Is comparing text files with completely ignoring line terminators possible?

Is comparing text files with completely ignoring line terminators possible?

24
Basic UserBasic User
24

    Dec 10, 2010#1

    Why do the File Ignore Options (IGNORE BLANK LINES IGNORE BLANK SPACE, IGNORE CASE & IGNORE LINE TERMINATORS ) not work when comparing 2 files of the same type (text in this case) where the only difference between them is the number of spaces and/or case and/or lines?

    For example if file 1 has this:

    Code: Select all

    See the brown dog run over the Red Moon
    And File 2 has this:

    Code: Select all

      SEE   the BROWN DOG 
      run 
    over THE    RED 
    Moon
    And I have all 4 File Ignore Options checked then to me these 2 files should logically be the same since the only difference between them is 1 or more of the 4 things that I told it to ignore. And yet UltraCompare does not see these 2 files as identical even when all 4 File Ignore Options are checked.

    Does anyone know why?

    Thanks

    6,675585
    Grand MasterGrand Master
    6,675585

      Dec 11, 2010#2

      That can be answered by reading the first sentence on help page Ignore Line Terminators (Options menu):

      This item may be selected to allow the active compare to ignore line terminator differences (DOS/UNIX/MAC) when comparing files for differences.

      A text compare in UltraCompare is always a line by line comparison. It is not possible to compare text with ignoring the line terminators completely and read/compare the entire file as single line text. The option Ignore Line Terminators is just for being able to compare files with different types of line terminators like a DOS text file with carriage return + line-feed as line terminator with a UNIX text file with just line-feed as line terminator.
      Best regards from an UC/UE/UES for Windows user from Austria

      24
      Basic UserBasic User
      24

        Jan 11, 2011#3

        Mofi,

        "It is not possible to compare text with ignoring the line terminators completely and read/compare the entire file as single line text."

        UC might not be able to do this, but it is by design and therefore intentional and not that way simply because it is something that can’t be done period. I'm not disputing the problems with comparing 2 different file types, but when you have 2 files of identical type with simply different text you should be able to compare them and ignore the line especially in a program you pay for as opposed to free or shareware.

        While this limitation in UC may seem like a dumb inquiry it is not and I doubt I am the only person to every wonder why UC cannot do this. One would think an application for comparison would be able to do this kind of thing.

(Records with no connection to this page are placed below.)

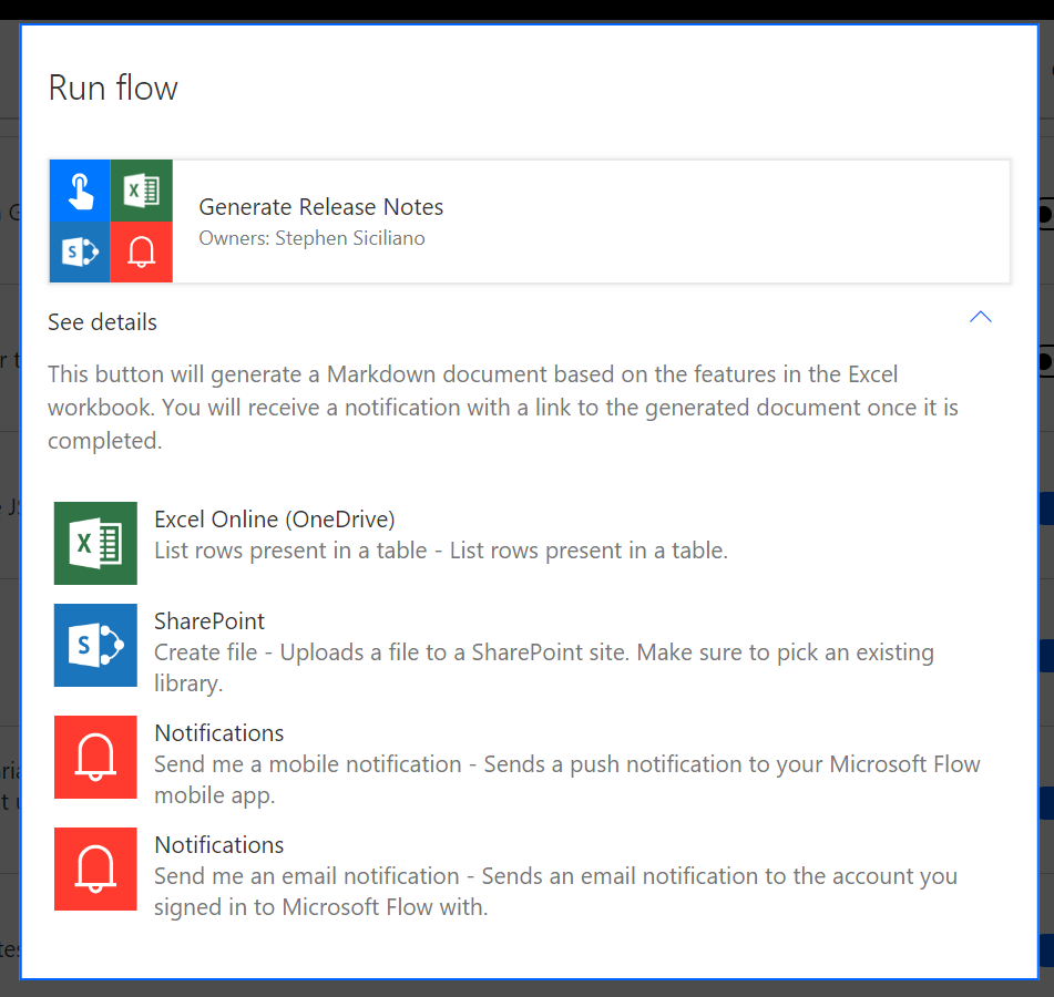 When you run a flow that has been shared with you, you can now see details of exactly what that flow is going to do with your connections. Whenever you run a flow, select See details, and you’ll be presented with a list of every action that flows uses (both name and description). Since the flow can use your accounts or connections, you should only ever run a flow if you trust the owner of the flow, and, are comfortable with them taking the actions listed under See details.
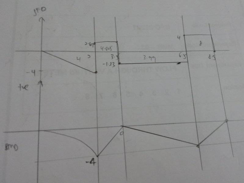- Another participant points out an error in the shear force diagram, noting that it should not be horizontal due to the presence of a distributed load, which subsequently affects the bending moment diagram.
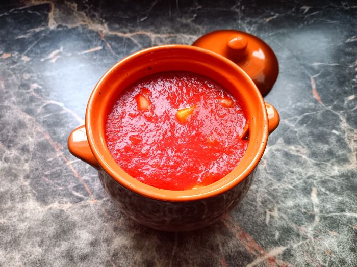 Кстати, если используем сок из томатных консервов, то с соли нужно поменьше - сок уже солёный. Заливаем сок в горшочки так, чтобы до горловины осталось около пары сантиметров.
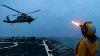 圖/美國海軍驅逐艦米利厄斯號3月25日在執行對伊朗作戰任務時,直升機在甲板起降。這類直升機將可在美軍封鎖荷姆茲海峽時,執行運兵登船的任務。路透社
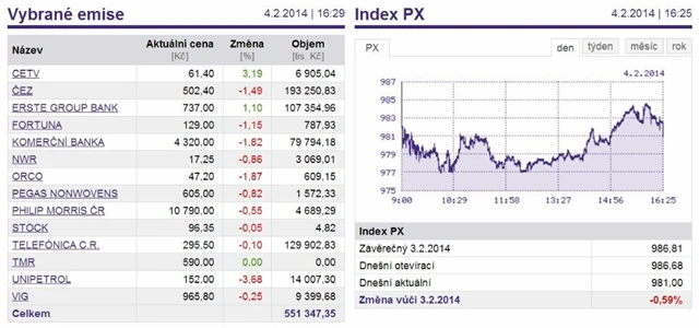 Pražská burza v úterý oslabila třetím dnem v řadě. Index PX klesl o 0,59 %.
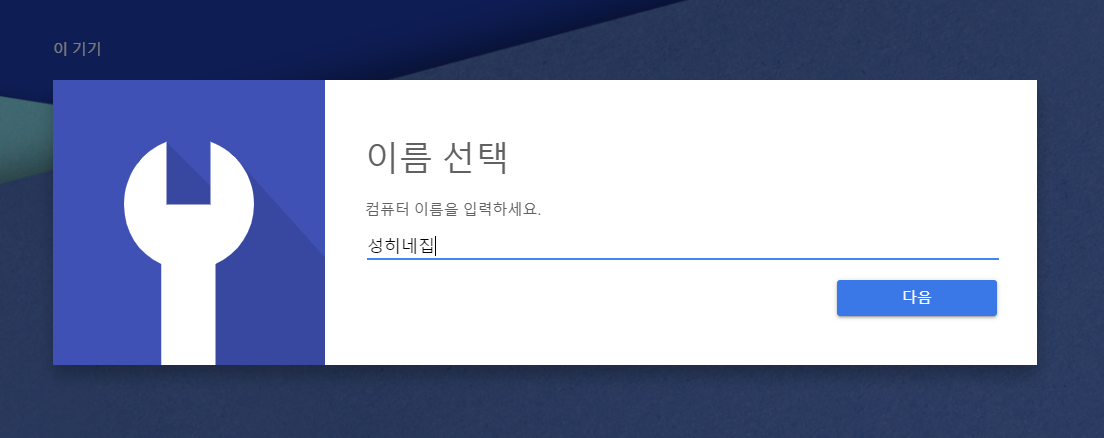 설치가 다 되면 현재 데스크톱의 이름을 설정할 수 있습니다. 저는 기본 컴퓨터 이름에서 성히네집으로 이름을 변경했습니다.
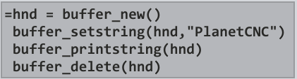 We would like to set a string data type(sequence of characters), to array with a handle name hnd. String data would be: PlanetCNC
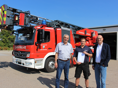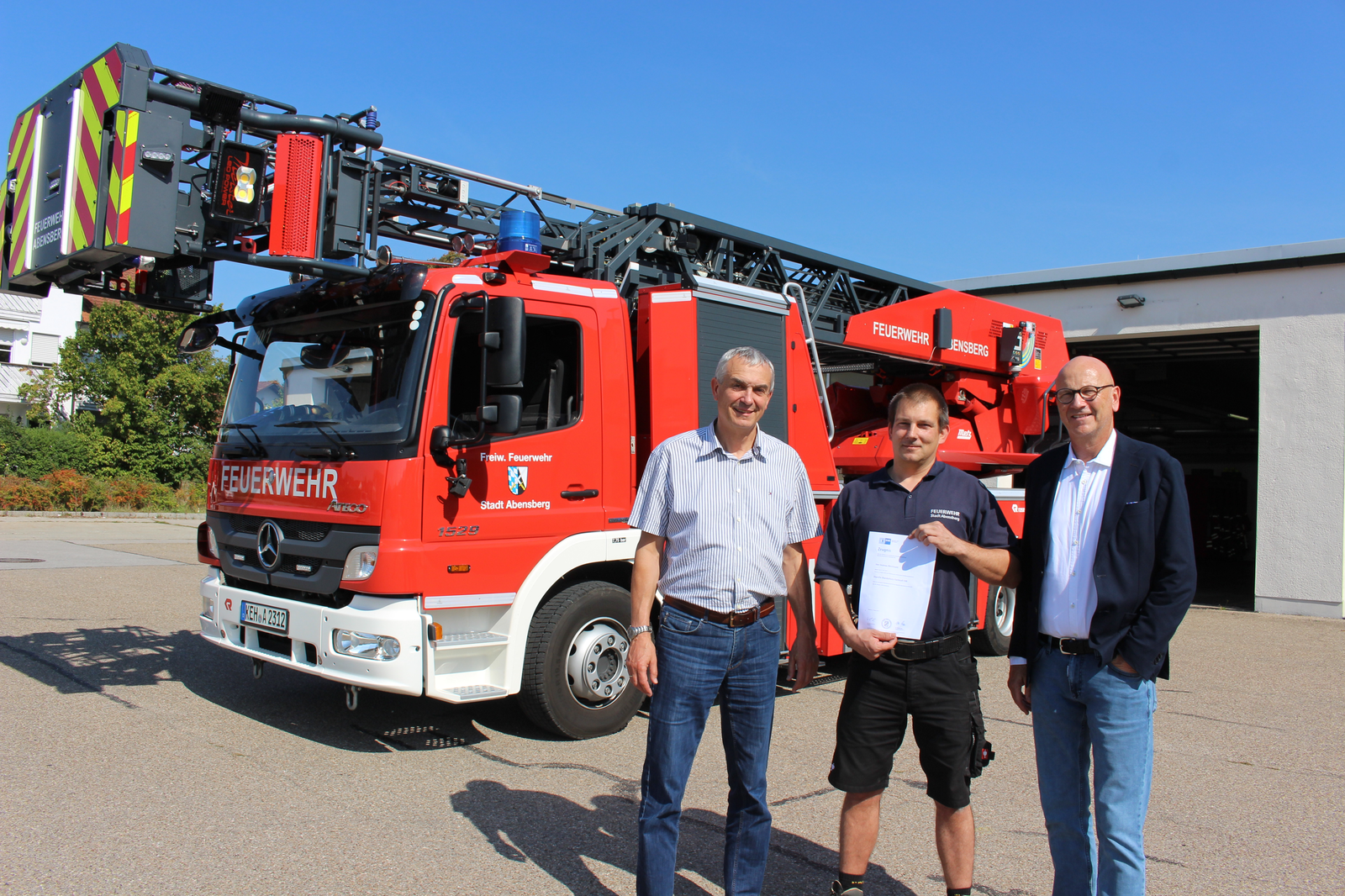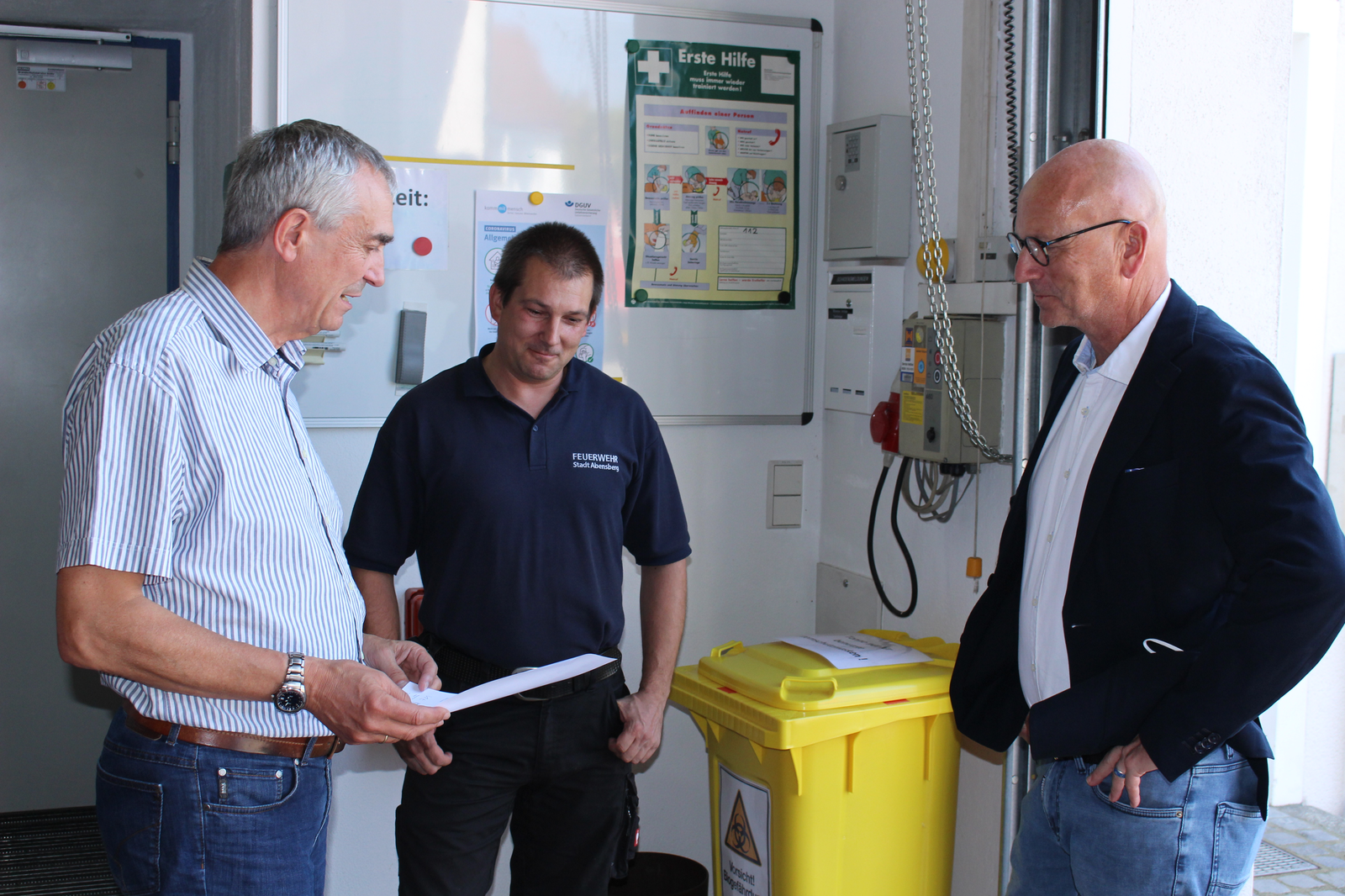 Die Stadt Abensberg hat dem hauptamtlichen Gerätewart Andreas Weichwald zum Fortbildungsabschluss als „Geprüfte Brandschutz-Fachkraft“ gratuliert. 1. Bürgermeister Dr. Uwe Brandl und Personalleiter Franz Piendl brachten dem 44-Jährigen die Urkunde in die Abensberger Stützpunktfeuerwehr, wo neben Weichwald zwei weitere hauptamtliche Gerätewarte beschäftigt sind.
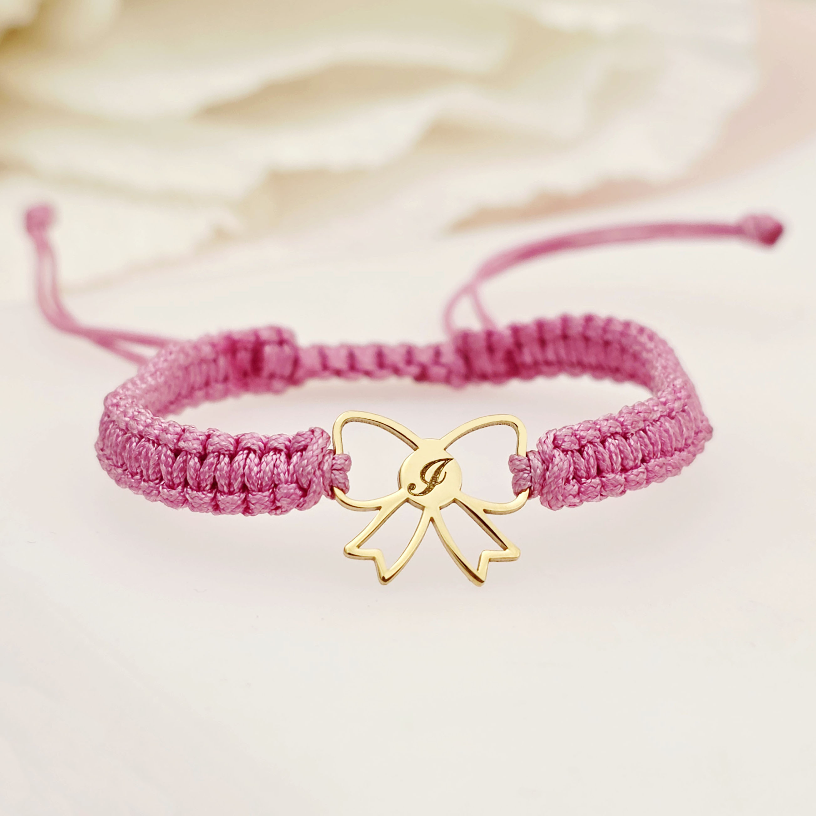 Bratara fundita decupata - Personalizata cu initiala - Argint 925 placat cu Aur Galben 18K - Snur impletit reglabil
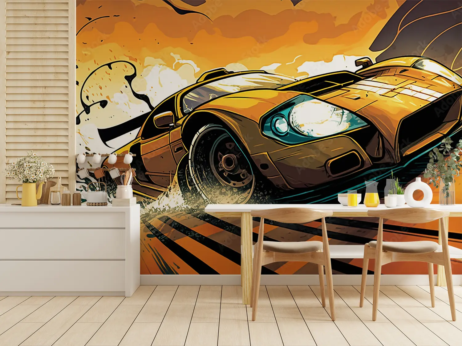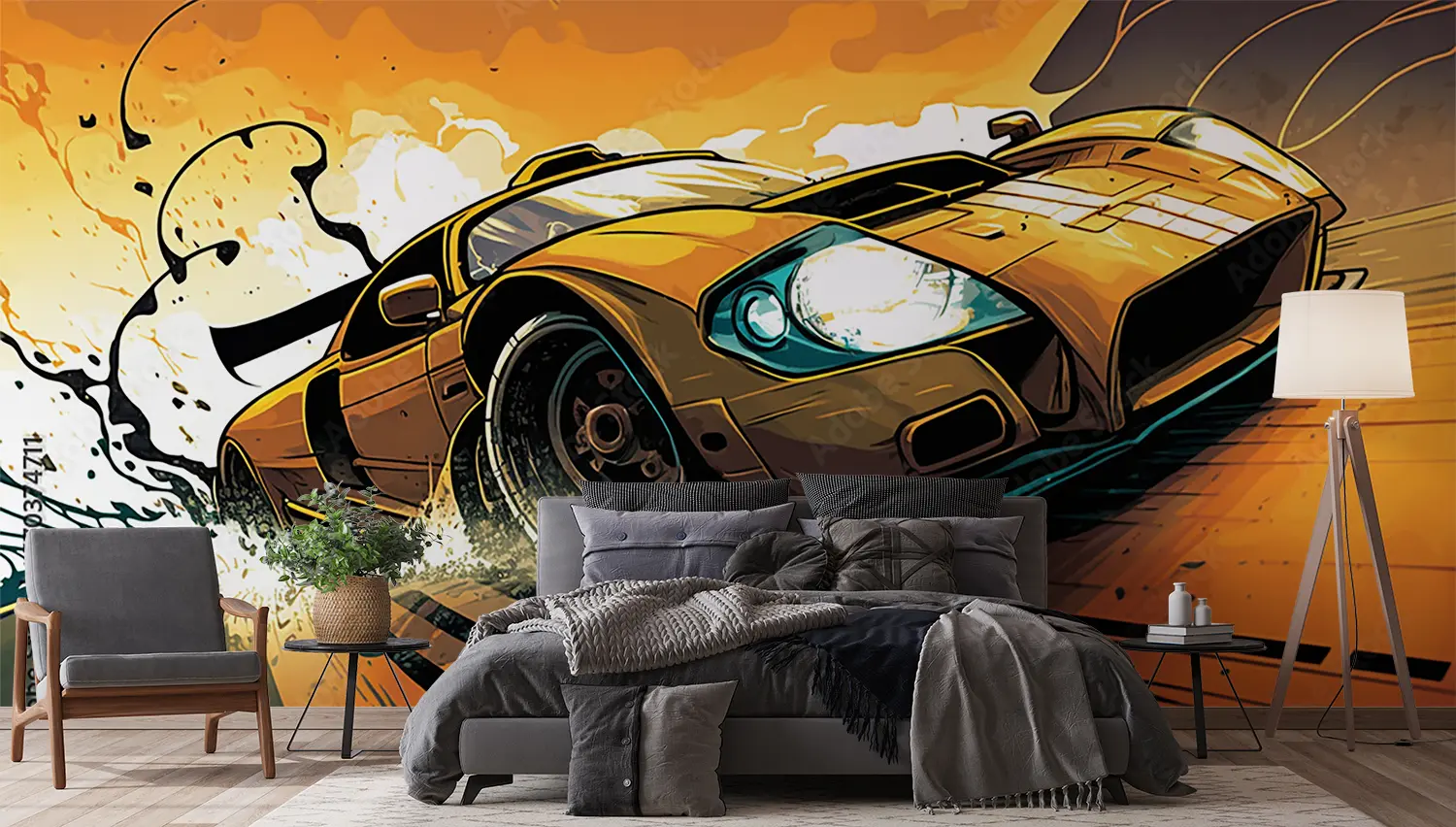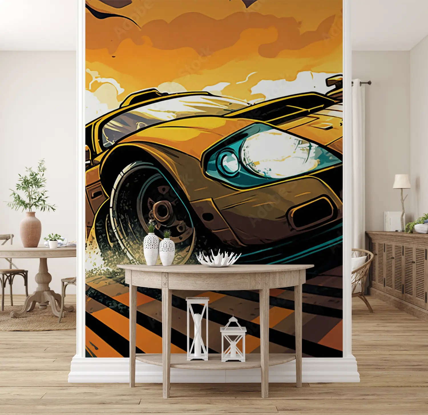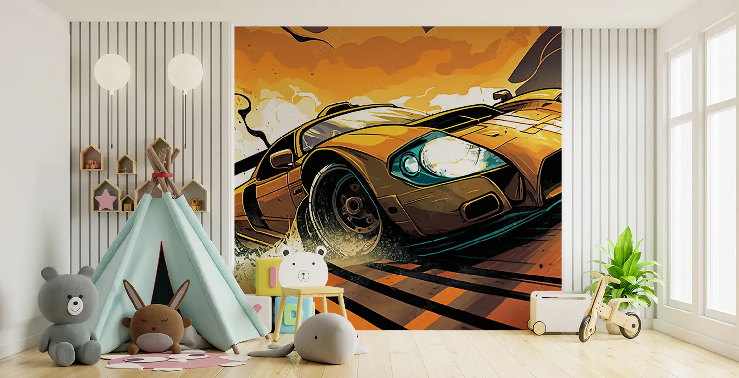 Transform your space with this captivating wall art featuring a yellow sports car racing on a track with a splash of water. The dynamic composition and bold colors will add a touch of excitement to any room, making it a perfect choice for home decor. Complementary colors to consider include black, white, and shades of blue for a cohesive look.
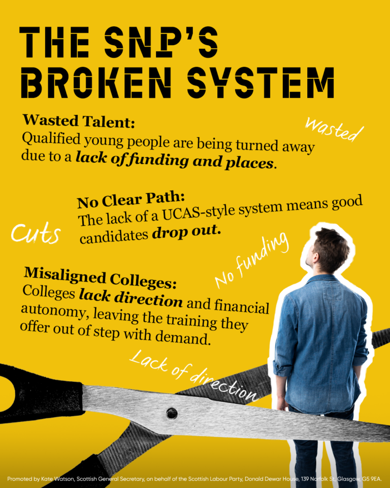 Schools and classrooms should be spaces for learning, growing and flourishing, but in Scotland currently, huge inequalities persist. As many as 1 in 6 young people aged 16-24 in Scotland are not in education, work or training and for those who do not go straight to university the pathways to skills and well-paid work are too narrow. Colleges have been undermined by years of funding cuts and our education system is not well enough connected to the real economy.

        Thank you for your time

        901
        MasterMaster
        901

          Jan 12, 2011#4

          YSLGuru wrote:Why do the File Ignore Options (IGNORE BLANK LINES IGNORE BLANK SPACE, IGNORE CASE & IGNORE LINE TERMINATORS ) not work...
          Actually, I can tell you why. Most compare tools, including UltraCompare, do a line-by-line comparison and will not recognize a single line on one side being spread over multiple lines on the other side. The "IGNORE LINE TERMINATORS" doesn't actually mean to ignore the line terminators (pretend that they are not there). It means, "Ignore different kinds of line terminators". In other words, if one file has DOS line terminators (CRLF) and another file has Unix line terminators (LF without the CR), then UltraEdit will not consider the files to be different simply because of the different line terminators.

          1
          NewbieNewbie
          1

            Jan 12, 2011#5

            So what you are saying is that the same document where word wrapping takes place in different places in the line will always have differences on every line. To get a better compare each paragraph should be unwrapped. That's the only solution?

            6,675585
            Grand MasterGrand Master
            6,675585

              Jan 19, 2011#6

              To compare text files paragraph by paragraph it is necessary to remove line breaks inside the paragraphs, so that the paragraphs are not only visually for humans a paragraph, but are also a paragraph for word processing, text editing and text compare applications. Text files with line breaks inside paragraphs are often produced by copying text from word processing applications (MS WORD, OpenOffice Write) or from PDF Readers into a text file or saving *.doc, *.pdf, etc. as text file, so that paragraphs in text files look like the soft wrapped text in the *.doc, *.pdf, etc.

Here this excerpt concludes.